Rodado secretamente no Irã e estrelado pelo próprio Panahi, o filme se aproveita da condição do diretor - e de suas limitações técnicas e geográficas - para um exercício metalinguístico e semidocumental poderoso. Aliás, quem acompanha a carreira do realizador sabe que, desde o prodigioso Isto Não É Um Filme (2011) - que foi enviado para o Festival de Cannes em um pendrive escondido em um bolo - tem sido assim. Fazer filmes é um suplício para Panahi. Mas ele não desiste - o que não deixa de ser um alento. Na trama de Sem Ursos, o vemos em um esforço remoto para a conclusão de uma obra onde, aparentemente, um casal em fuga se empenha em conseguir dois passaportes falsos, que lhes permitam ir para a Europa, para encontrar asilo. A vida, naturalmente, imita a arte e quando a câmera se afasta e um diálogo entre os atores se inicia, percebemos que Panahi os dirige à distância, em uma vila remota na divisa com a Turquia.
E como se não bastasse a perseguição política em si, Panahi perde a conexão com a sua equipe - ele até tenta capturar algum sinal de internet se afastando de sua base, até mesmo subindo no telhado (com uma escada emprestada). Não dá certo. Mas para não perder tempo, o diretor sai para o vilarejo para fazer algumas fotos do entorno. De cenários, de pessoas, da aldeia em um dia normal. Para além disso, incumbe seu senhorio - seu nome é Ghanbar (Vahid Mobasheri) - a obter algumas imagens de um casamento. O que não dá lá muito certo por conta da falta de habilidade do sujeito com o equipamento. E em meio a todas as dificuldades vistas em apenas um dia de trabalho, o assistente de produção de Panahi, Reza (Reza Heydari) o leva para um passeio em que explicita a insatisfação da equipe com a forma com que atuam. O caminho? Talvez uma fuga para a Turquia. E tudo piora quando uma jovem de nome Gozal (Daria Alei) aparece para, em desespero, suplicar para que o diretor apague uma suposta foto comprometedora dela.

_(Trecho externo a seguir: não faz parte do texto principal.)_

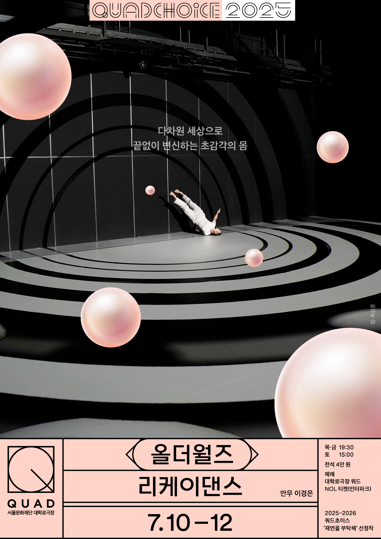 2025-2026 쿼드초이스 <재연을 부탁해> 첫 번째 공연인 리케이댄스의 ‘올더월즈’ 티켓은 대학로극장 쿼드 누리집(www.quad.or.kr)에서 구매할 수 있다. 전석 4만원.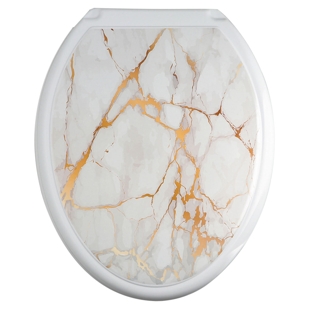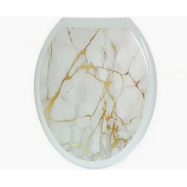 Крышка-сиденье для унитаза русспласт Декор "Белый мрамор" пластик белый/золотистый 445 мм 360 мм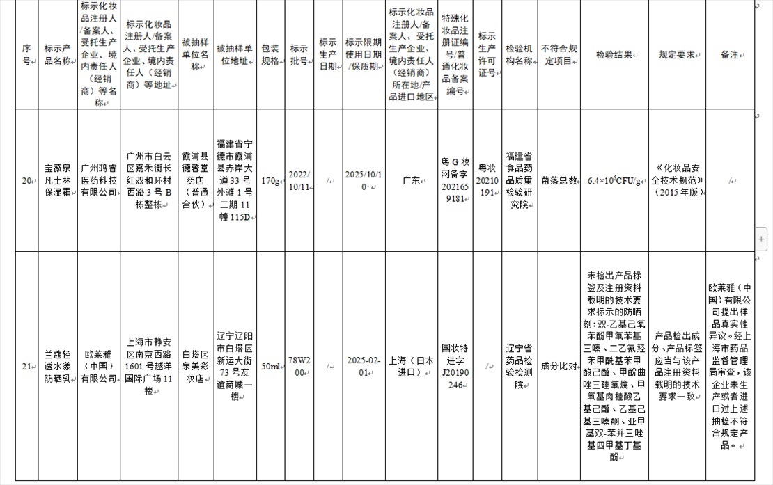 根據《化妝品監(jiān)督管理條例》《化妝品生產經營監(jiān)督管理辦法》《化妝品抽樣檢驗管理辦法》,國家藥監(jiān)局要求上海、浙江、廣東?。ㄊ校┧幤繁O(jiān)督管理部門對上述不符合規(guī)定化妝品涉及的注冊人、備案人、受托生產企業(yè)等依法立案調查,責令相關企業(yè)立即依法采取風險控制措施并開展自查整改。各?。▍^(qū)、市)藥品監(jiān)督管理部門責令相關化妝品經營者立即停止經營上述化妝品,依法調查其進貨查驗記錄等情況,對違法產品進行追根溯源;發(fā)現(xiàn)違法行為的,依法嚴肅查處;涉嫌犯罪的,依法移送公安機關。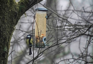 The woods were wonderfully atmospheric in the mist, The colours were beautifully muted. One thing I didn't expect was so much bird song, I thought I'd arrived too late to hear it at it's best, but as I walked further along the path I could see that Welcome To Our Woods had put up some new bird feeders, and they were doing a brilliant job of attracting the birds.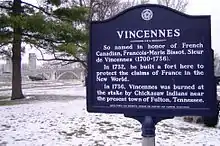 On 25 March 1736, Vincennes was burnt by the Chickasaw Indians, along with other captive French at the village of Ogoula Tchetoka, near the present site of Fulton, Mississippi,[5][6] although the historical marker in Vincennes (pictured in this article) gives the location as Fulton, Tennessee. They were captured as the result of ill-advised raids in coordination with Pierre D'Artaguiette. The raids are now known as the Chickasaw Campaign of 1736 of the Chickasaw Wars.[7]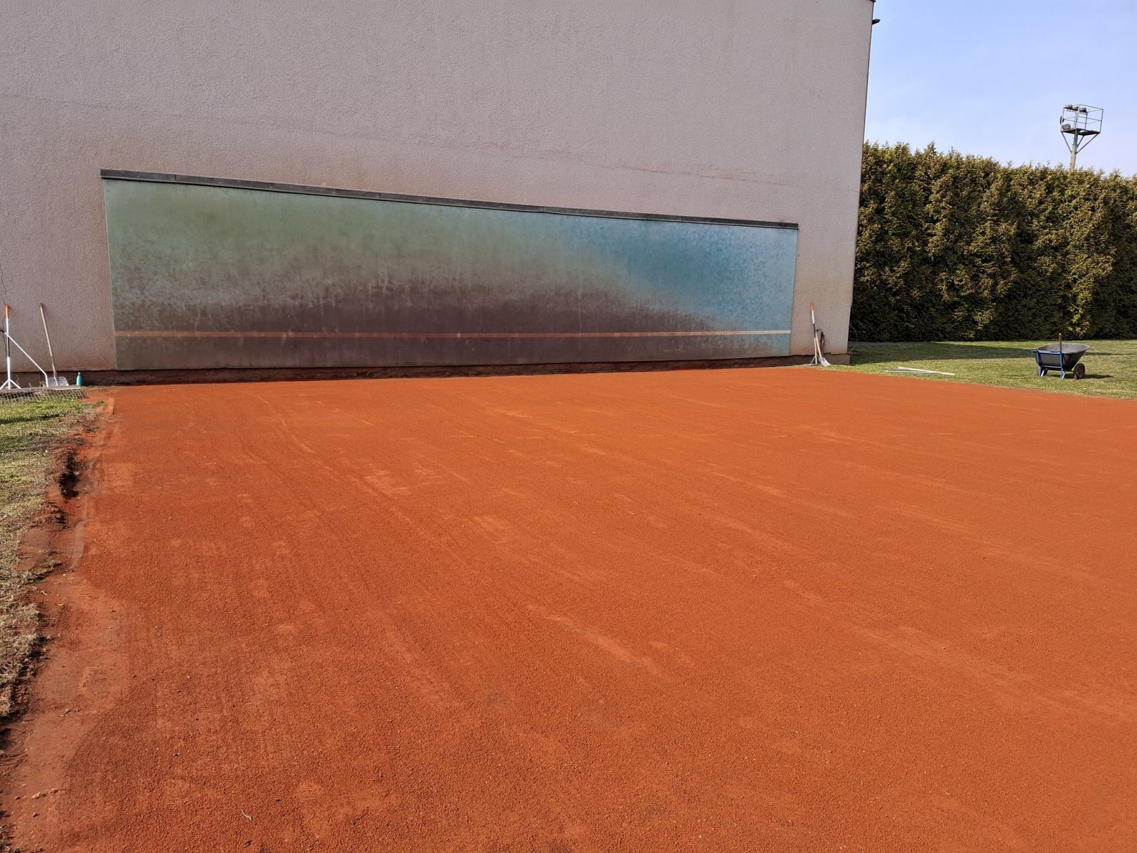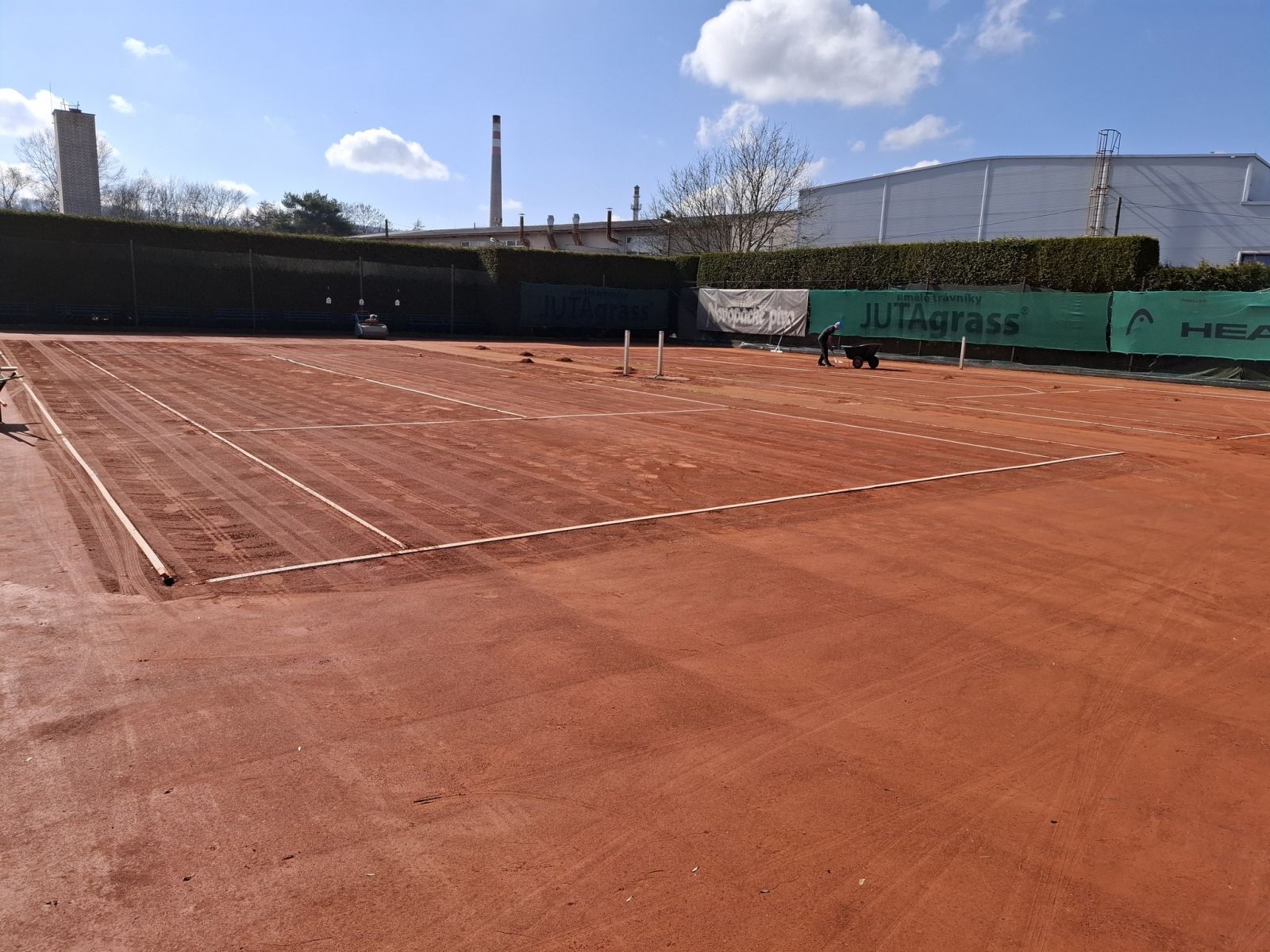 Ve středu jsme začali s úpravou antukového povrchu na naší zdi za pevnou halou, dnes jsme strhli starou antuku z několika předních kurtů.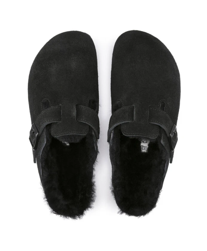 Побалуйте себя этими уютными мужскими сабо Birkenstock Boston. Эти сабо с верхом из черной замши и внешней пряжкой для регулировки посадки имеют стельку из натуральной овчины и стельку анатомической формы из пробки и латекса для максимального комфорта. Эти сабо идеально подходят для повседневного использования. Они имеют стандартную ширину и подходят по размеру.
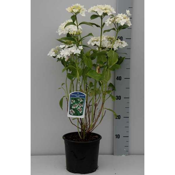 Hydrangea macrophylla 'Libelle' is een traaggroeiende hortensia met vlakke bloemschermen. De sneeuwwitte randbloemen staan rond paarsrode fertiele bloemen.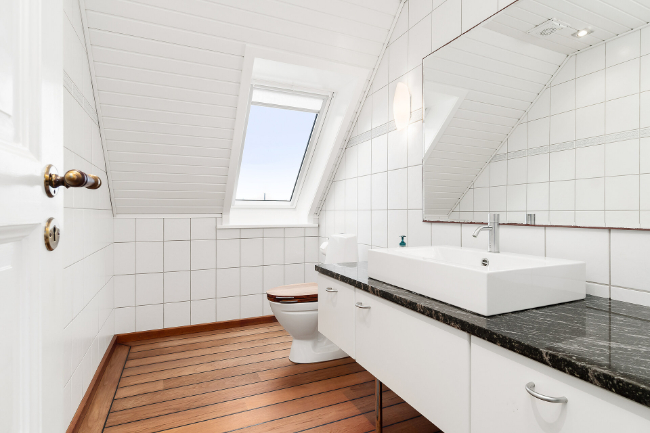 Franske altanerPå første sal er endnu et badeværelse, to værelser med franske altaner og en stue med udgang til en anseelig, overdækket terrasse.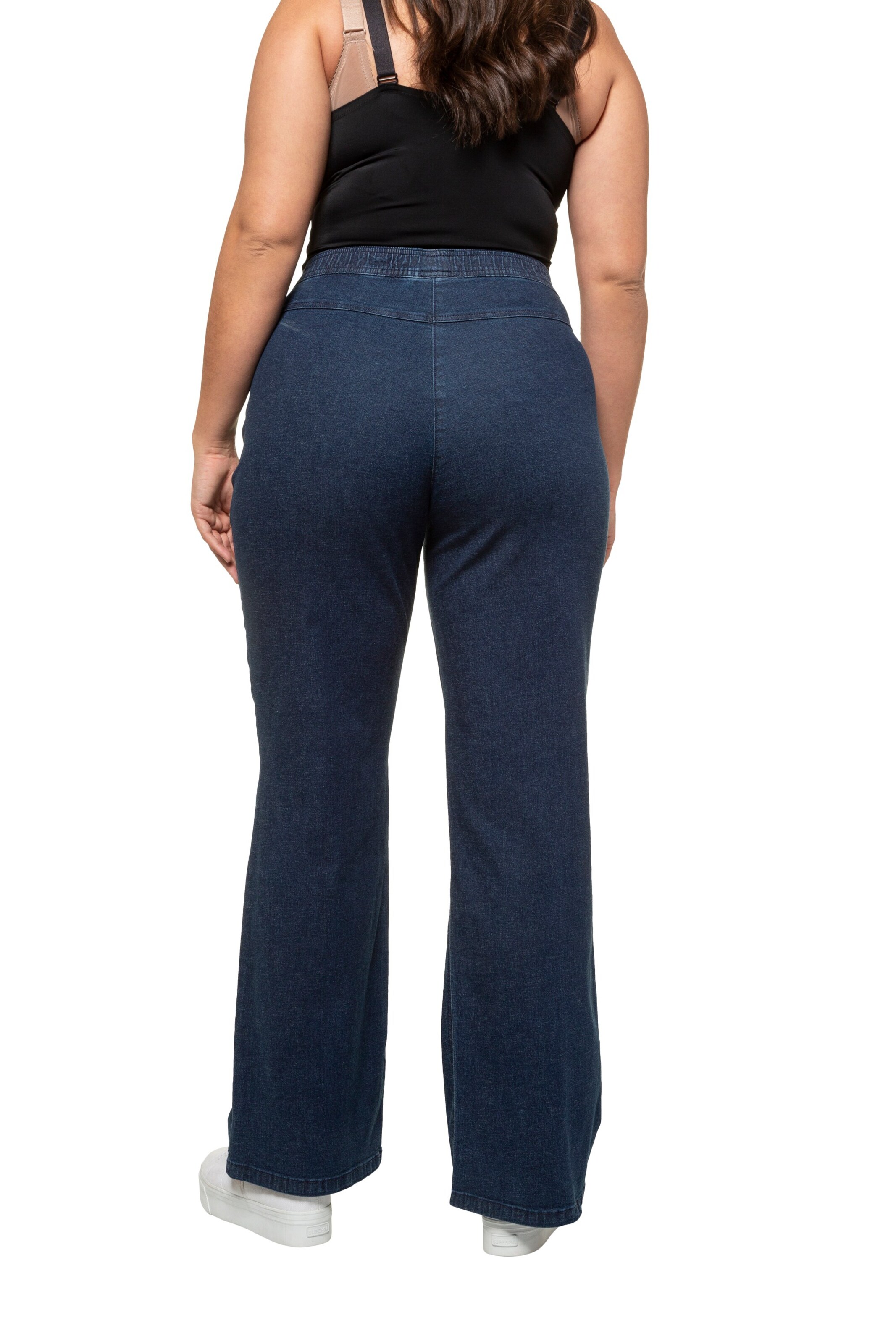 MarleneJeans aus modischem Darkdenim mit ausgestelltem Bein 5PocketPassform mit elastischem Komfortbund innen und mit Gürtelschlaufen, Knopf und Zipper Ulla Popken MarleneJeans Mary, Bootcut, Komfortbund Große Größen AlstertalEinkaufszentrum, Hamburg.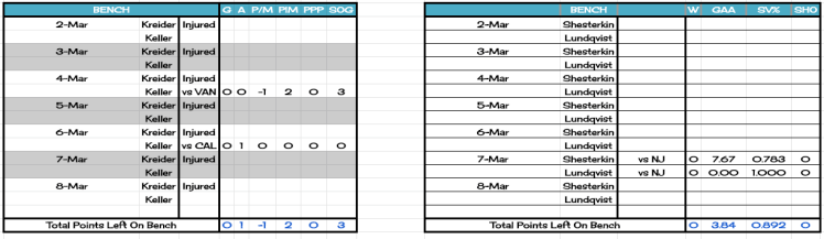 The bench players would have done nothing to contribute to breaking the 4-4 tie we suffered through in week 21. All those missing points would have only padded our totals in the categories we already won.

Todos esses eventos servem para mostrar como as questões políticas, culturais, sociais e religiosas do País influenciam a vida de todos ali. O governo, sim, é uma barreira. Mas há as tradições entranhadas. Enraizadas. Que estão no tecido estrutural das comunidades iranianas. Não à toa, Panahi parecerá, ali pelas tantas, uma voz meio isolada em meio aquele contexto conservador imerso em superstições - e, aqui, não há nenhum tipo de pedantismo nisso, já que o problema do diretor se conecta, em alguma medida, àquele que envolve um beijo dado em alguém e que não deveria ter sido flagrado. Não por acaso, em um dos instantes mais estranhos, exóticos da projeção, Panahi é instigado a fazer um juramento a Deus de que não tirou nenhuma foto comprometedora. Em uma espécie de tribunal improvisado, o realizador não apenas liga a câmera como resolve dizer, para desespero de todos, que não compreende aquelas tradições. De alguma maneira, esses conflitos aparentemente mesquinhos, apenas preparam o terreno para as tragédias maiores. E que seguem assombrando as comunidades mais fechadas do planeta. Impactante é pouco.